Only the lines below from the one containing "0.25 $ 0.10" through the last line should be set down, exactly as written and with no pictures.
*** Material to process Section Begins ***
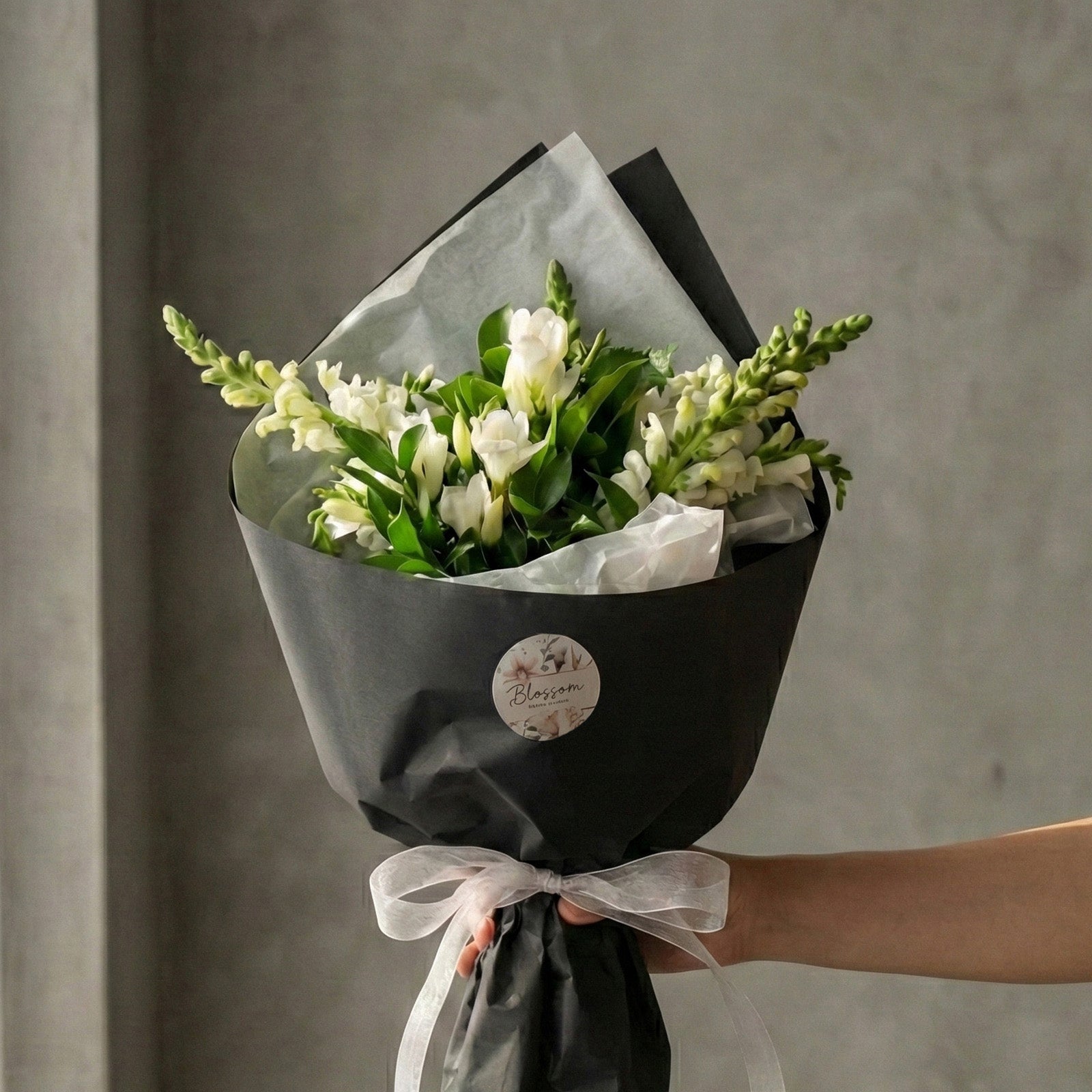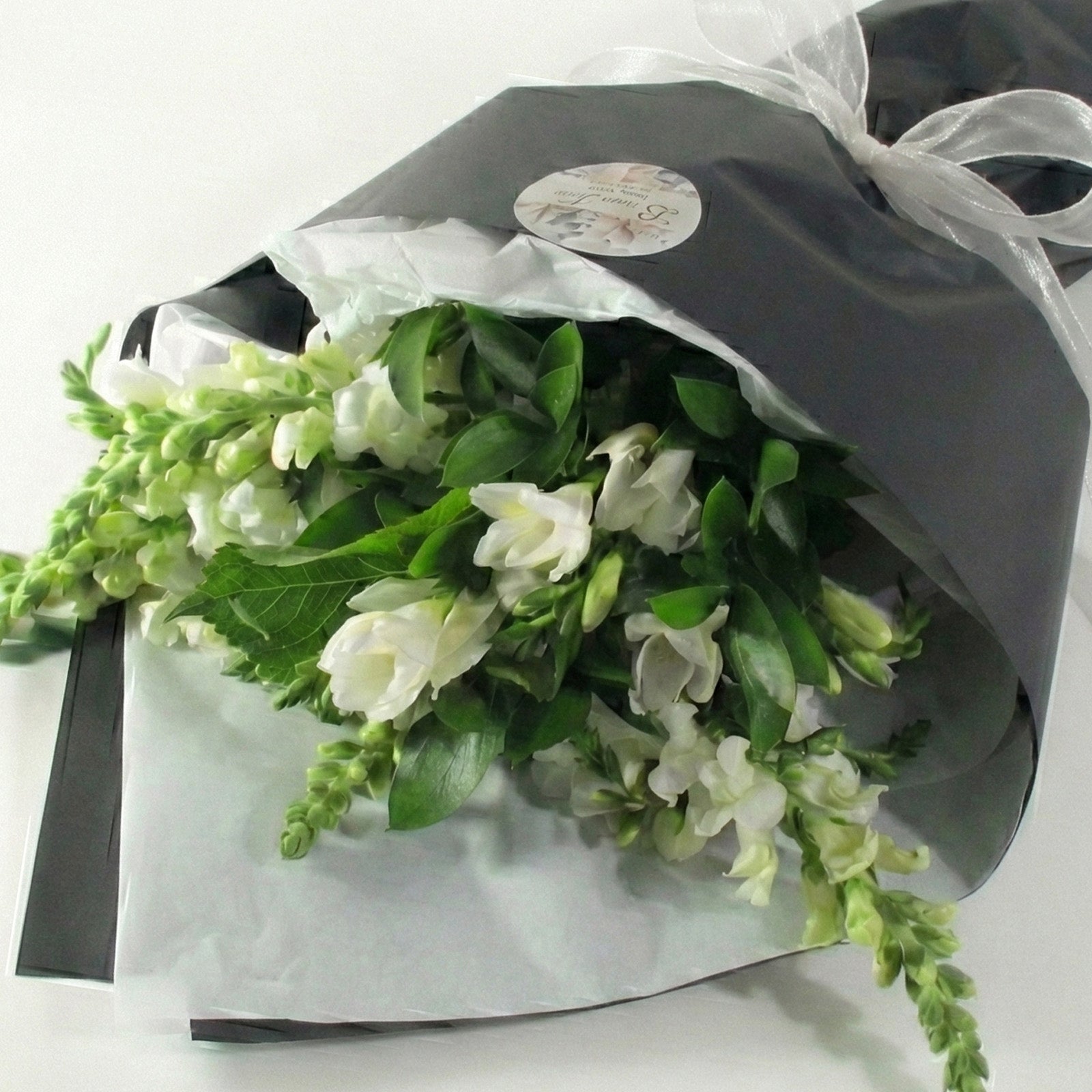Presenting 'Nightingale' – an ode to purity and elegance. A symphony of pristine white blooms mingles with fresh seasonal greens, wrapped in crisp paper for a sophisticated finish. Please note wrapping details may vary while the serene mood is kept.
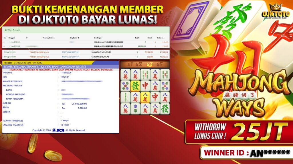 Bandar togel OJKTOTO merupakan bandar togel dan slot online yang membayar semua kemenangan member hingga lunas. Setiap pembayaran pada situs kami dilakukan dengan cara transfer ke rekening tujuan yang sudah di daftarkan pada situs togel online kami, Pembayaran hanya dapat di proses jika rekening yang di daftarkan telah valid dan dapat di transfer. Semua kemenangan member yang mendapatkan hadiah jackpot terbesar akan kami posting agar semua pemain dapat melihat bandar situs terpercaya OJKTOTO ini membayar semua kemenangan member hingga lunas. Setiap postingan yang kami posting akan kami lakukan sensor pada nomor rekening 4 digit dan nama rekening untuk menjaga privasi dan kerahasiaan member. Postingan Jackpot yang kami posting agar member atau pemain yang belum pernah bermain bisa melihat bandar togel Bukan Kaleng Kaleng Seperti OJKTOTO ini, Semua postingan jackpot yang kami posting dapat di lihat data keasliannya melalui nomor reff yang di tunjukan pada bank atau mbanking saat kita melakukan transfer.
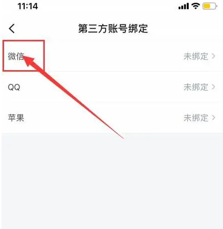 进入第三方账户绑定设置界面,选择“微信”。如图:
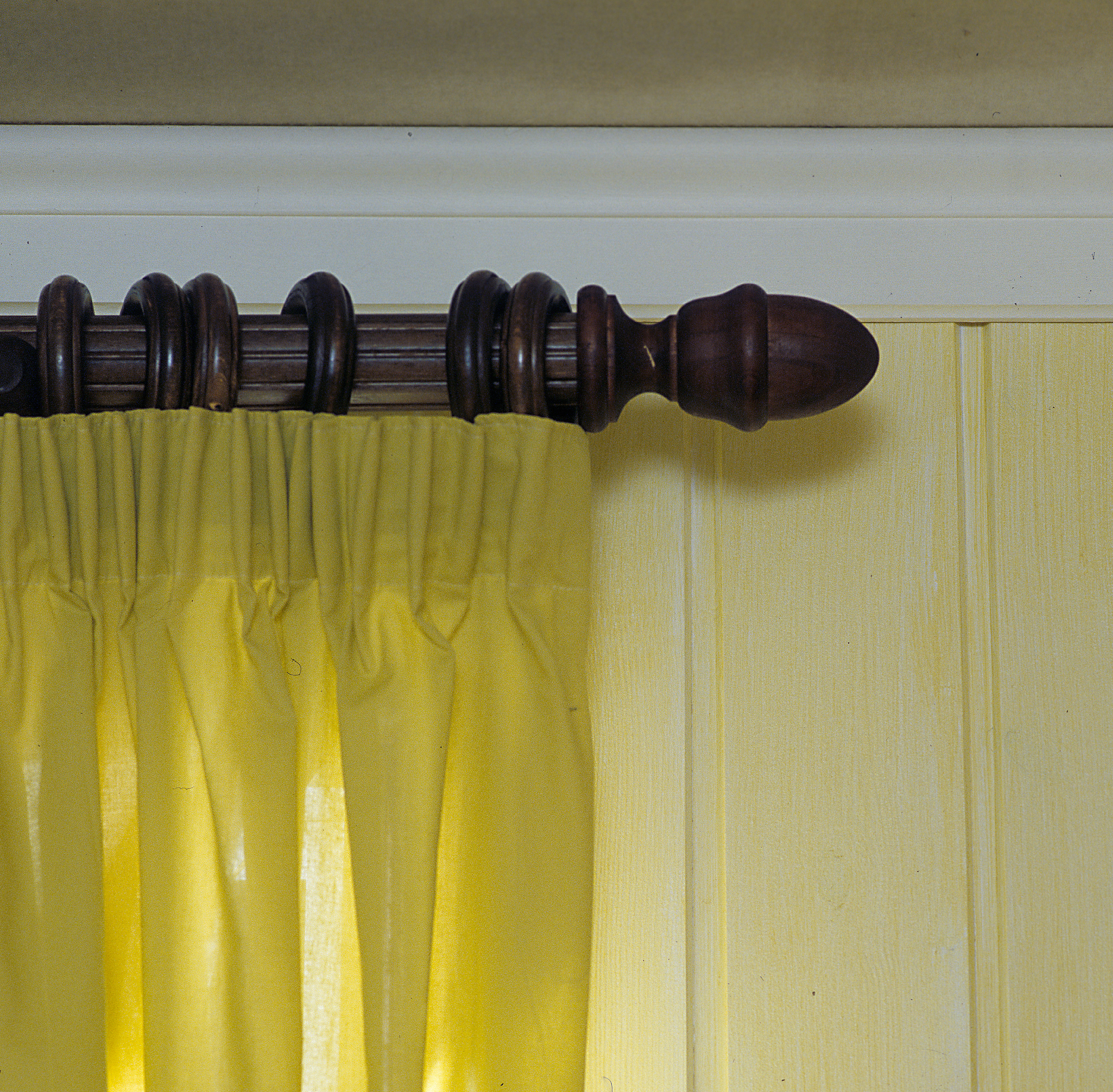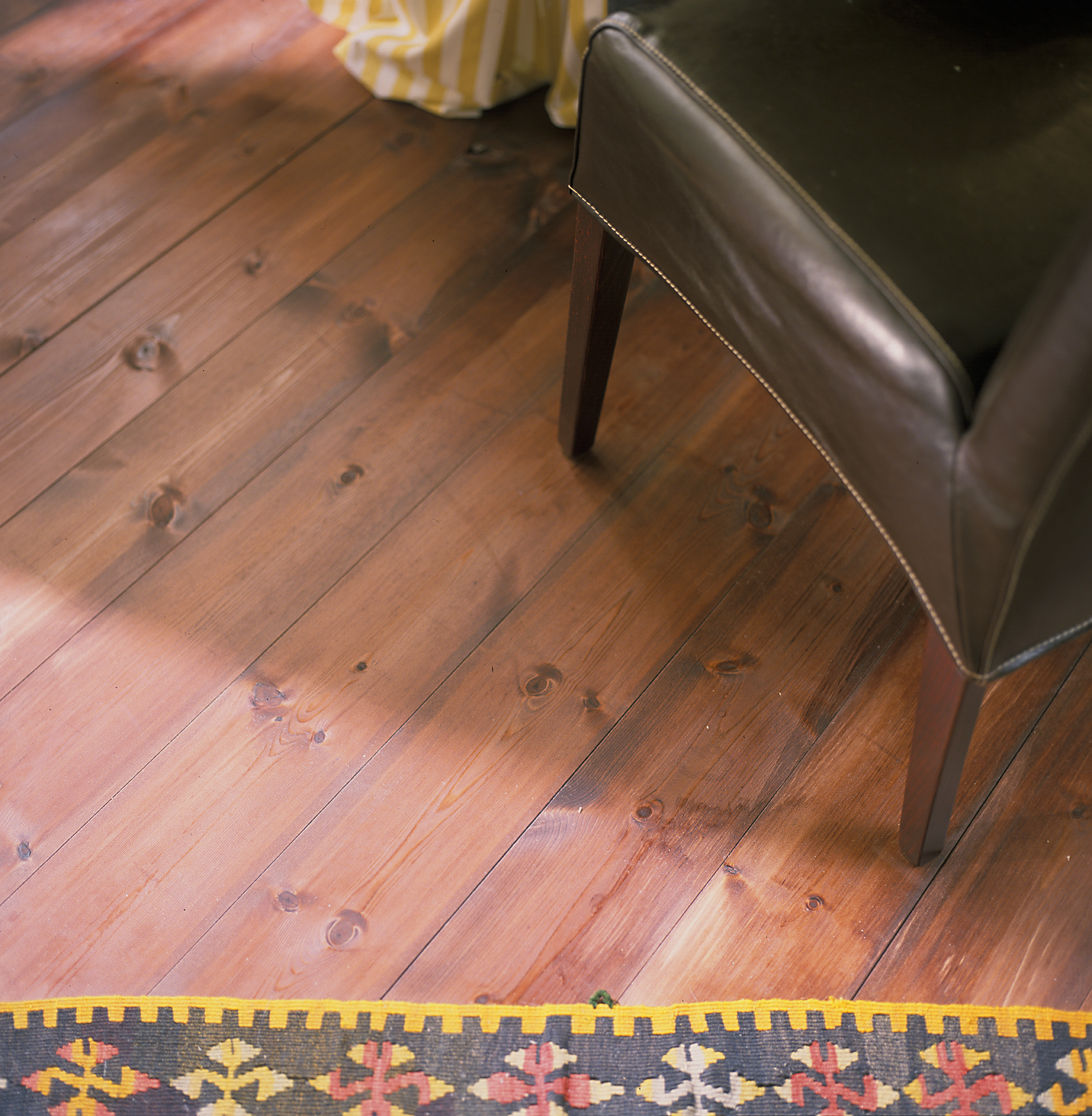 Veggene er malt gylne gule og virker innbydende. Et tynt strøk med lasur gir panelet karakter. Gulvet er furu og beiset i mørk nøttefarge. De malte veggene og gulvet gir rommet et rustikt og hjemmekoselig preg, en spennende kontrast til alle tekstilene. Atmosfæren blir godslig, men samtidig nobel.
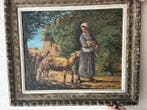 - Jean-Charles Millet (XX) - Bergère à lagneau et sonOlieverfschilderij op doek van jean-charles millet (xx), getiteld bergère à l'agneau et son troupeau, gedateerd 1935 in de periode 1930-1940, in olieverf, uit frankrijk, origineel editie, met de h
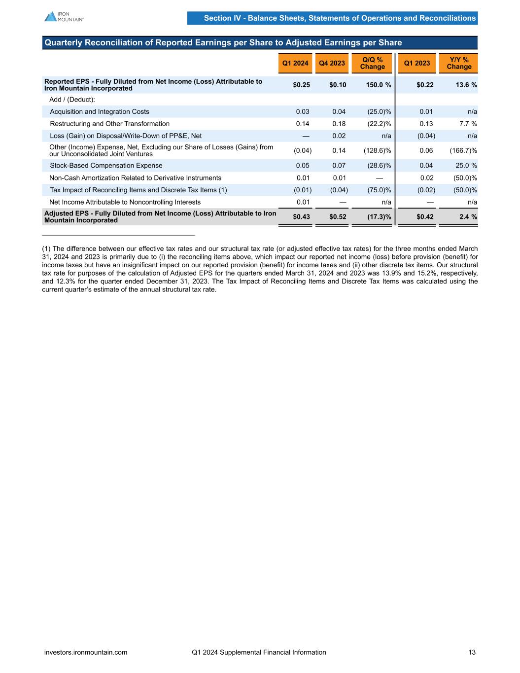 报告每股收益与调整后每股收益的季度调节2024年第一季度2023年第四季度Q3/Q %变化2023年第一季度Y/Y %变化报告每股收益-从归属于铁山公司的净收入(亏损)中完全摊薄$ 0.25 $ 0.10 150.0% $ 0.22 13.6%加/(减):收购和整合成本0.03 0.04(25.0)% 0.01 n/a重组和其他转型0.14 0.18(22.2)% 0.13 7.7%处置/减记PP & E的损失(收益)净额—0.02 n/a(0.04)n/a其他(收入)费用净额,不包括我们应占未合并合资企业的亏损(收益)(0.04)0.14(128.6)% 0.06(166.7)%以股票为基础的补偿费用0.05 0.07(28.6)% 0.04 25.0%与衍生工具相关的非现金摊销0.01 0.01 —0.02(50.0)%调节项目和离散税项的税务影响(1)(0.01)(0.04)(75.0)%(0.02)(50.0)%归属于非控股权益的净利润0.01 — n/a—n/a调整后每股收益-从归属于铁山公司的净利润(亏损)中完全摊薄$ 0.43 $ 0.52(17.3)% $ 0.42 2.4%(1)我们的有效税率之间的差额我们截至2024年3月31日和2023年3月31日止三个月的结构性税率(或调整后的有效税率)主要是由于(i)上述调节项目,这些项目影响了我们报告的所得税拨备(收益)前净收入(亏损),但对我们报告的所得税拨备(收益)和(ii)其他离散税项影响不大。为计算截至2024年3月31日和2023年3月31日的季度调整后每股收益,我们的结构性税率分别为13.9%和15.2%,截至2023年12月31日的季度为12.3%。调节项目和离散税收项目的税收影响是使用本季度对年度结构性税率的估计计算得出的。第四节-资产负债表、运营报表和和解投资者。铁山网2024年第一季度补充财务信息13
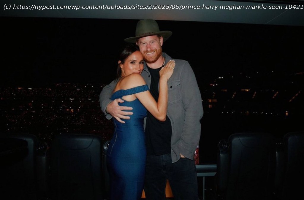 In the image, Markle, 43, and Harry, 40, hugged one another in a private suite. The “Suits” actress, donning a blue off-the-shoulder dress, flashed a smile as she placed on hand on the royal’s chest.
*** Material to process Section Ends ***
(Result for this task):
 报告每股收益与调整后每股收益的季度调节2024年第一季度2023年第四季度Q3/Q %变化2023年第一季度Y/Y %变化报告每股收益-从归属于铁山公司的净收入(亏损)中完全摊薄$ 0.25 $ 0.10 150.0% $ 0.22 13.6%加/(减):收购和整合成本0.03 0.04(25.0)% 0.01 n/a重组和其他转型0.14 0.18(22.2)% 0.13 7.7%处置/减记PP & E的损失(收益)净额—0.02 n/a(0.04)n/a其他(收入)费用净额,不包括我们应占未合并合资企业的亏损(收益)(0.04)0.14(128.6)% 0.06(166.7)%以股票为基础的补偿费用0.05 0.07(28.6)% 0.04 25.0%与衍生工具相关的非现金摊销0.01 0.01 —0.02(50.0)%调节项目和离散税项的税务影响(1)(0.01)(0.04)(75.0)%(0.02)(50.0)%归属于非控股权益的净利润0.01 — n/a—n/a调整后每股收益-从归属于铁山公司的净利润(亏损)中完全摊薄$ 0.43 $ 0.52(17.3)% $ 0.42 2.4%(1)我们的有效税率之间的差额我们截至2024年3月31日和2023年3月31日止三个月的结构性税率(或调整后的有效税率)主要是由于(i)上述调节项目,这些项目影响了我们报告的所得税拨备(收益)前净收入(亏损),但对我们报告的所得税拨备(收益)和(ii)其他离散税项影响不大。为计算截至2024年3月31日和2023年3月31日的季度调整后每股收益,我们的结构性税率分别为13.9%和15.2%,截至2023年12月31日的季度为12.3%。调节项目和离散税收项目的税收影响是使用本季度对年度结构性税率的估计计算得出的。第四节-资产负债表、运营报表和和解投资者。铁山网2024年第一季度补充财务信息13
 In the image, Markle, 43, and Harry, 40, hugged one another in a private suite. The “Suits” actress, donning a blue off-the-shoulder dress, flashed a smile as she placed on hand on the royal’s chest.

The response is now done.